A chiedere al Governo di aprire gli occhi sulla vendita di Lukoil al fondo cipriota Goi Energy è stato il senatore siracusano del Pd, Antonio Nicita che ha suggerito di giocare la carta della Golden power. Si tratta di un istituto, introdotto nel nostro ordinamento il 15 marzo del 2012, per conferire al Governo la facoltà di porre condizioni o veti in caso di tentativi di acquisto “ostile” da parte di una società estera di un’azienda italiana strategica o attiva in un settore ritenuto fondamentale.
L’analisi dei capitali
Insomma, fidarsi è bene, non fidarsi è meglio, secondo il senatore del Pd. Ma sono tante le domande e gli interrogativi attorno a questo passaggio di consegne, anche se il closing sarà definito entro la fine di marzo, come spiegato dalle parti. Il Governo, qualora decidesse di avviare la procedura con il Golden power, dovrà analizzare i canali di finanziamenti dell’operazione.
Il ruolo di Bobrov
Un ruolo chiave, in questa compravendita, potrebbe essere stato assunto dall’amministratore di Goi Energy, Michael Bobrov, manager anche di Green Oil Energy, a sua volta azionista di maggioranza di Bazan Group, uno dei più grandi e complessi gruppi energetici in Israele, che gestisce il più grande impianto integrato di raffinazione e petrolchimico del Paese.
Il costo dell’operazione
Bobrov è di origine sudafricana ma da anni vivrebbe in Israele, e secondo il quotidiano La Verità, l’affare per la vendita delle due raffinerie di petrolio si aggirerebbe attorno ai 2 miliardi euro che ha, evidentemente, battuto quella del fondo americano Crossbridge e di un gruppo d’affari legato al Qatar che avrebbe avuto tra i sostenitori l’ex presidente del Consiglio, Massimo D’Alema.
I rapporti tra Israele e Russia
L’operazione sembrerebbe essere “benedetta” da Israele anche se dopo lo scoppio della guerra in Ucraina, i rapporti con il Cremlino si sono incrinati ma il ritorno sulla scena di Netanyahu avrebbe cambiato lo scenario, non solo per la sua amicizia con Putin, mai rinnegata, ma anche per scalzare la Turchia nel ruolo di mediatore con l’Occidente.
“Al Cremlino, nessuno ha dubbi: la vittoria di Netanyahu è considerata in chiave esclusivamente positiva.
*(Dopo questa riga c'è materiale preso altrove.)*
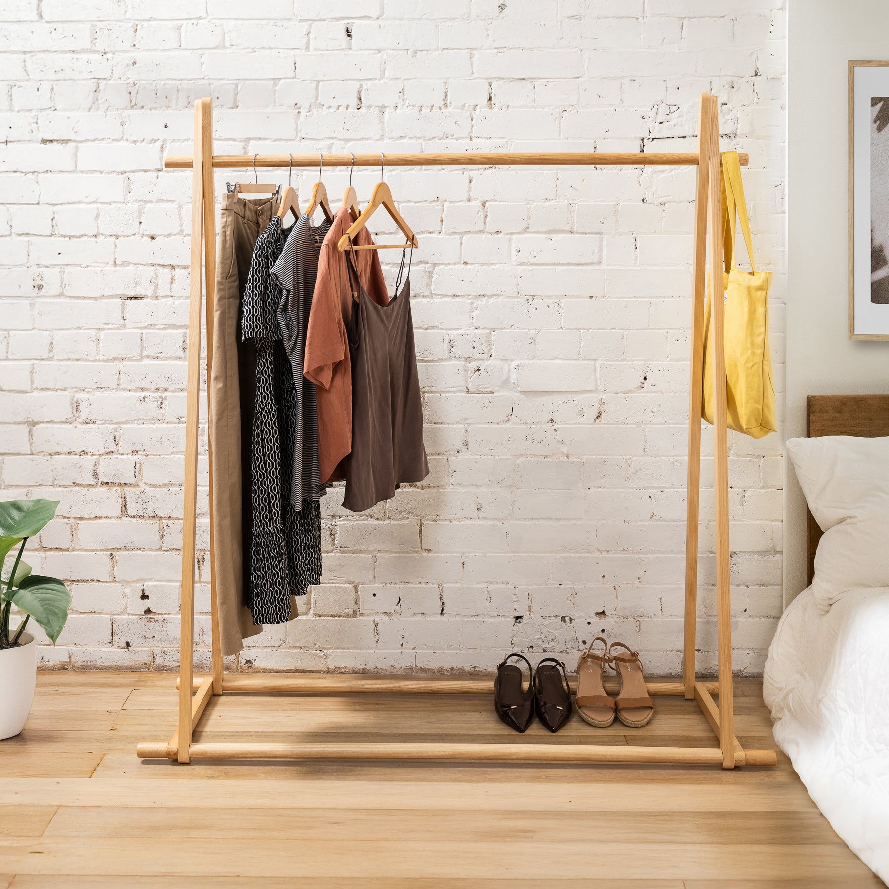 N2 Heavy-Duty Solid Ash Wood Clothing Rack (100kg Weight Capacity) – Extra Long & Thick Rails Sold in 1/3

E questo, in primo luogo, per i rapporti personali privilegiati tra il rientrante premier e il presidente russo Vladimir Putin” scrive Mauro Indelicato su Insiderover, inserto de Il Giornale.
Insomma, è se Israele avesse deciso di dare una mano alla Russia? Certo, la proprietà delle raffinerie è della Litasco, società italo svizzera ma nell’orbita del colosso Lukoil. E proprio per la vicinanza alla Russia, le banche, e non solo, hanno congelato i rapporti d’affari con il management di Isab Lukoil, temendo di incappare nelle sanzioni dei paesi Occidentali.
Petrolchimico Siracusa sito di interesse strategico
Il Governo Meloni ha dichiarato il Petrolchimico sito di interesse strategico nazionale. Una presa di posizione che potrebbe far rientrare le aziende legate a questo asset nel piano di Transizione energetica. Nel periodo in cui le redini dell’Italia erano in mano a Draghi, Confindustria ha spinto perché le imprese connesse al fossile ricevessero gli aiuti pubblici per riconvertire gli stabilimenti per abbattere le emissioni di Co2.
E poi c’è la deadline: entro il 2035, in Europa non dovrebbero più circolare auto e mezzi alimentati con benzina e diesel. Nessuna azienda, da sola, si sobbarcherebbe i costi della riconversione, per cui, senza la mano pubblica, il Petrolchimico di Siracusa è destinato a tramontare.
Il cambio di linea decretato dall’esecutivo Meloni ha, però, cambiato lo scenario e le prospettive: si spiegherebbe forse così l’interesse a comprare le due raffinerie Lukoil da parte degli americani, del gruppo del Qatar e del fondo cipriota. Del resto, chi metterebbe tutti quei soldi sul tavolo per un settore al tramonto?